Exosomal miR-99a-5p is elevated in sera of ovarian cancer patients and promotes cancer cell invasion by increasing fibronectin and vitronectin expression in neighboring peritoneal mesothelial cells

Dulbecco’s modified Eagle’s medium (DMEM) and Roswell Park Memorial Institute (RPMI) 1640 medium were obtained from Nacalai Tesque (Kyoto, Japan). Fetal bovine serum (FBS; #172012) was purchased from Sigma Aldrich (St. Louis, MO). Antibody against CD63 (#11–343-C025) was purchased from EXBIO (Prague, Czech Republic). Donkey anti-mouse IgG 10 nm gold (#ab39593) was purchased from Abcam (Cambridge, UK). Growth factor-reduced basement membrane protein (Matrigel; #356230) was purchased from Corning (New York, NY). Antibodies against vitronectin 65/75 (D-8; #sc-74,484) and fibronectin (EP5; #sc-8422) were purchased from Santa Cruz Biotechnology (Dallas, TX). Antibody against β-actin (#4967) was purchased from Cell Signaling Technology (Danvers, MA).

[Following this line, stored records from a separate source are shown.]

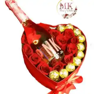 Box Corazón 12 Rosas, 10 Bombones y Espumante Pink
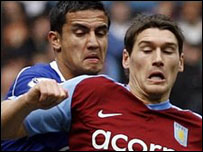 维拉反击 状态低迷的阿斯顿维拉本轮主场上演惊险一幕,在落后两球的情况下反击,终于逼平埃弗顿,艰难取得一分。 第19分钟,客队首开纪录。费拉尼接贝恩斯左路传球,推射远角破门得分。 维拉还没缓过神,仅四分钟后,卡希尔在禁区内接角球,摆脱维拉后防队员,头球破门。 如梦初醒的维拉随即展开反攻,第33分钟,卡鲁接妙传,攻入本赛季个人第八粒进球。 下半场,埃弗顿再次先声夺人,第53分钟,皮纳尔接内维尔妙传,转身打门,球划出弧线入网。 两球落后的阿斯顿维拉要想进军下赛季的欧洲赛事本场就必须取胜。没有了退路的维拉立即掀起第二轮攻势,仅两分钟后,就由米尔纳攻进一球,并最终由巴里的一记点球,终将比分追平。 | 相关内容 赛事盘点:4月11日11 4, 2009 | 英超足球 Premiership 赛事盘点:4月5日05 4, 2009 | 英超足球 Premiership 赛事盘点:4月4日04 4, 2009 | 英超足球 Premiership 赛事盘点:3月22日22 3, 2009 | 英超足球 Premiership 赛事盘点:3月21日21 3, 2009 | 英超足球 Premiership | ||||||||||||||||||||||||||||||||||||||||||||||||||||
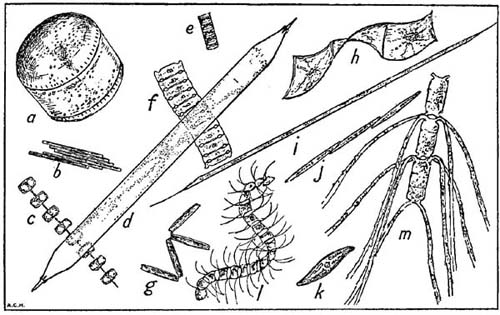 Some characteristic plankton diatoms not shown in Plate I, all magnified ×90 diam. a, Coscinodiscus concinnus; b, Bacillaria paradoxa; c, Thalassiosira gravida; d, Rhizosolenia styliformis; e, Paralia sulcata; f, Bellarochia maleus; g, Thalassiothrix nitzschioides; h, Streptotheca thamensis; i, Rhizosolenia hebetata (form semispina); j, Nitzschia seriata; k, Gyrosigma sp.; l, Chaetoceros curvisetus; m, Ch. convolutus. The actual length represented by the longer side of this figure is 1/20th of an inch.
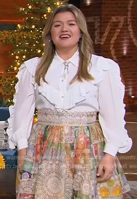 Kelly Clarkson on The Kelly Clarkson Show on NBC was spotted wearing this patchwork mini skirt on The Kelly Clarkson Show on Dec 09 2022's episode. Kelly's Skirt is the Cosmic Zodiac Doiley linen-blend mini skirt by Zimmermann.

The HeyA8 cell line was generously provided by Dr. Anil Sood (MD Anderson Cancer Center, Houston, TX) in 2010 and the TYK-nu cell line was purchased from Health Science Research Resources Bank (JCRB0234.0; Osaka, Japan) in 2011. Cells were authenticated by short tandem repeat DNA profiling at Takara-Bio Inc. (Otsu, Japan) and were used for this study within 6 months of resuscitation. The IOSE cell line was generously provided by Dr. Masaki Mandai (Kyoto University, Kyoto, Japan) in 2013. Briefly, ovarian surface epithelial cells were collected from normal ovaries and transfected with SV40 large T antigen and human telomerase reverse transcriptase [9]. HPMCs were isolated from the omentum of patients undergoing surgery at Osaka University Hospital as previously described [10]. Written informed consent was obtained from each patient before surgery. Briefly, small pieces of omentum were trypsinized at 37 °C for 30 min and the cell-containing suspension was filtered through a 200-nm pore nylon mesh and centrifuged at 500×g for 5 min. The cells were cultured in RPMI 1640 supplemented with 20% FBS, 100 U/mL penicillin, and 100 μg/mL streptomycin and incubated at 5% CO₂ and saturated humidity at 37 °C. The cells were harvested during the second or third passage after primary culture for experiments. Mycoplasma contamination had been routinely checked using EZ-PCR Mycoplasma Test Kit (Biological Industries, Kibbutz Beit Haemek, Israel).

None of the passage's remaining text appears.